Equalizers in both the analog and digital realm do subtractive filtering far better than additive filtering. When pulling the EQ down you are not creating the additive comb-filtering necessary to boost frequencies that do not already exist, so using this kind of approach is leaves more of the original audio intact and does not add as many artifacts to the signal.

Of course an FFT digital EQ can overcome this (which is why the Weiss products are so expensive but popular), but iTunes most certainly does not hog the processor by using FFT algorithms for it's EQ.
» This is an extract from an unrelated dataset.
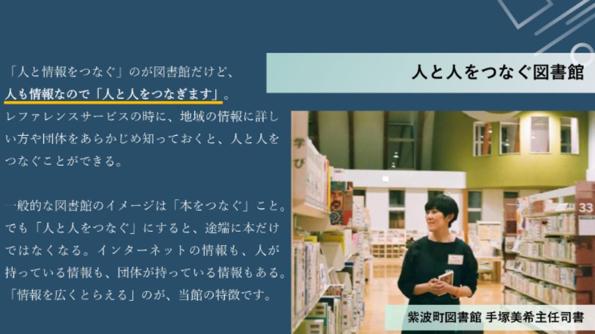 同館の手塚美希主任司書は、人と情報をつなげるのが図書館だけれど、「人も情報だから人と人をつなげる」と語ります。

What would be more appropriate, and also avoid unnecessary distortion, is to do all of those adjustments subtractively, then making up the gain difference with the slider at the left. This is why the slider on the left exists, in case you were wondering.

Like this (-8, -5, -2, -4, -5, -6, -4, -2, 0, -3), if my math is correct. Then just boost the overall gain at the left to make up the difference.

I'm not suggesting this will sound "better" to you, but it will certainly be a cleaner way to use the EQ.

Phil Spector probably has a better idea of the ideal EQ settings.